* _Exercise description_
Every line from the one with "正值上下课高峰期,支部成员在" through the final line of the data below goes in the answer, copied exactly. Pictures do not.

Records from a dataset

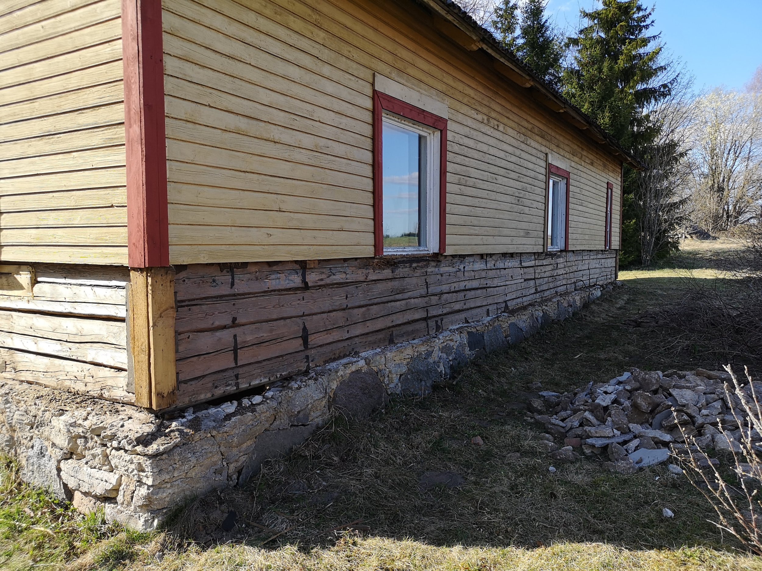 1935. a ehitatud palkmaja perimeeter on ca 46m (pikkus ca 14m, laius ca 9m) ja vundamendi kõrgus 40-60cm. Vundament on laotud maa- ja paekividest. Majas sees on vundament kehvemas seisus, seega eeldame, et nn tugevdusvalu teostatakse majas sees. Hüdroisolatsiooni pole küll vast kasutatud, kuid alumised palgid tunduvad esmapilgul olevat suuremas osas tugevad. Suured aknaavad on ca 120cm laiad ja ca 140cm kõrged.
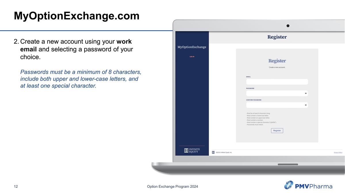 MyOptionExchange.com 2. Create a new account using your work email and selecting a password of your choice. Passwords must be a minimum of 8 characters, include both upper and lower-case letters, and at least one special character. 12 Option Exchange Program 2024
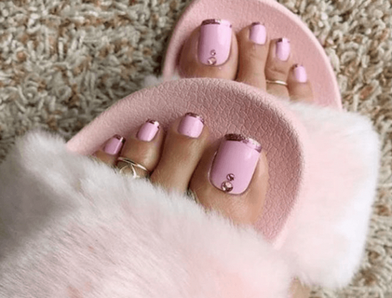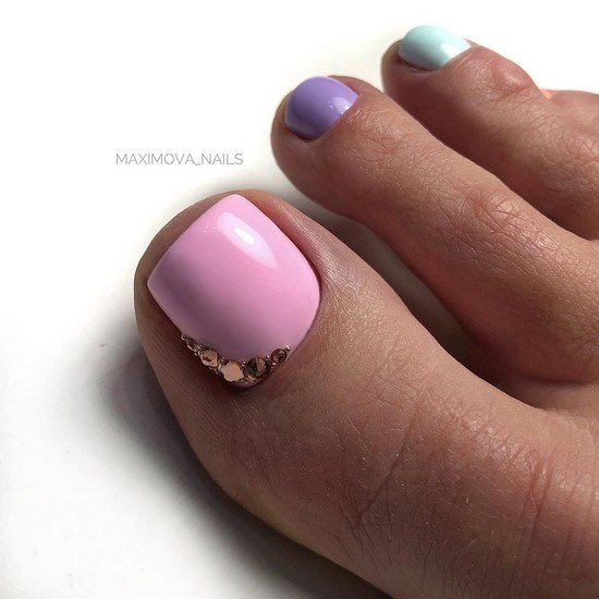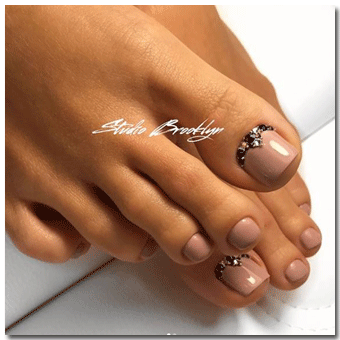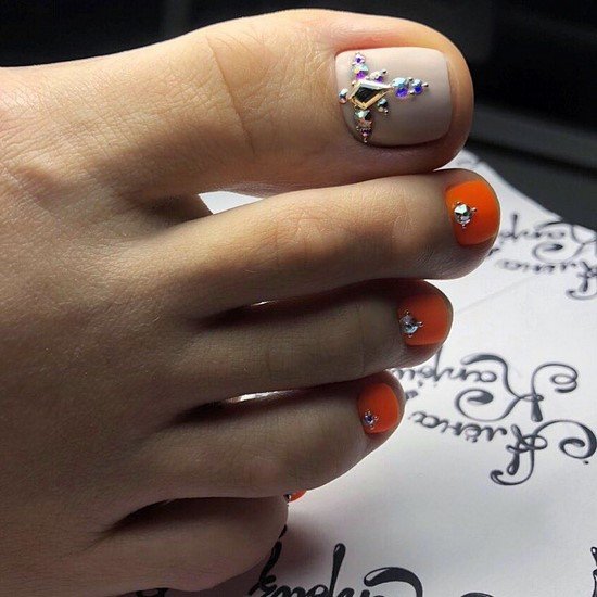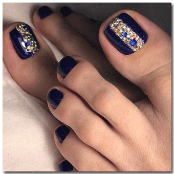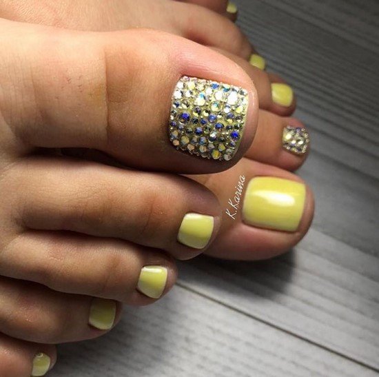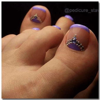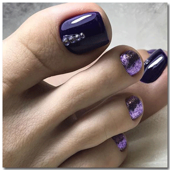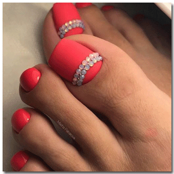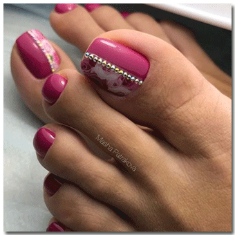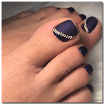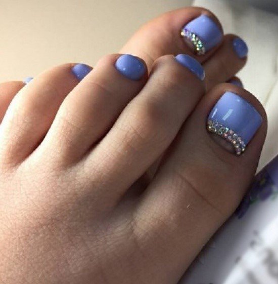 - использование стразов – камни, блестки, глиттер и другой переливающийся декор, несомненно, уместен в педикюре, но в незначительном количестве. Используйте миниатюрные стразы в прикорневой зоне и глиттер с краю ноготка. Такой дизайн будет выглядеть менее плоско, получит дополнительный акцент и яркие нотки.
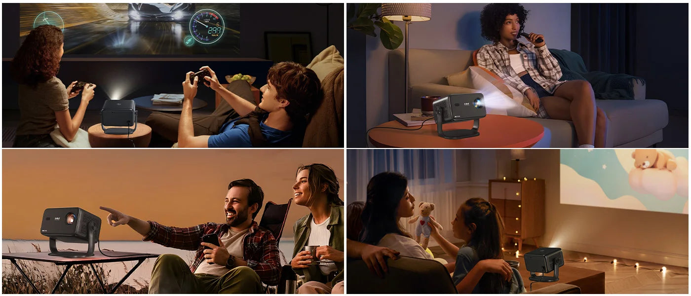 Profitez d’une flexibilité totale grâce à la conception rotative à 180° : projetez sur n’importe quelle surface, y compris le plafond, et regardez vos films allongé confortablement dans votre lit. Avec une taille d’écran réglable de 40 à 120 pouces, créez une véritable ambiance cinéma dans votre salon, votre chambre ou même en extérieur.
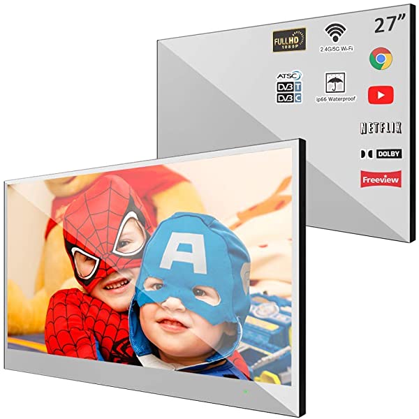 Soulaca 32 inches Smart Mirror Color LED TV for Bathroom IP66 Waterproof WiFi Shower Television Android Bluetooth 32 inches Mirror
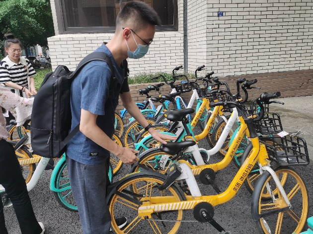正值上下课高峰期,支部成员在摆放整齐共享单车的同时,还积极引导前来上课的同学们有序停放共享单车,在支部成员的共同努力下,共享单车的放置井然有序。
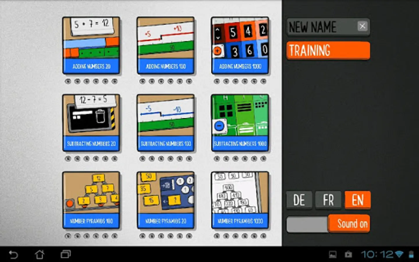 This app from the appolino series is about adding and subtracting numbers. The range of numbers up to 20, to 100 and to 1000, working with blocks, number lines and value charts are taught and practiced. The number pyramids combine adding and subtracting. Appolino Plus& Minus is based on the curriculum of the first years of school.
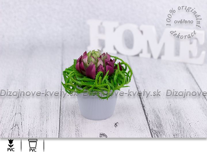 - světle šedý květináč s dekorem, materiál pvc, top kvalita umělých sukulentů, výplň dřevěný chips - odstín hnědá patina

* _Solution_
正值上下课高峰期,支部成员在摆放整齐共享单车的同时,还积极引导前来上课的同学们有序停放共享单车,在支部成员的共同努力下,共享单车的放置井然有序。
 This app from the appolino series is about adding and subtracting numbers. The range of numbers up to 20, to 100 and to 1000, working with blocks, number lines and value charts are taught and practiced. The number pyramids combine adding and subtracting. Appolino Plus& Minus is based on the curriculum of the first years of school.
 - světle šedý květináč s dekorem, materiál pvc, top kvalita umělých sukulentů, výplň dřevěný chips - odstín hnědá patina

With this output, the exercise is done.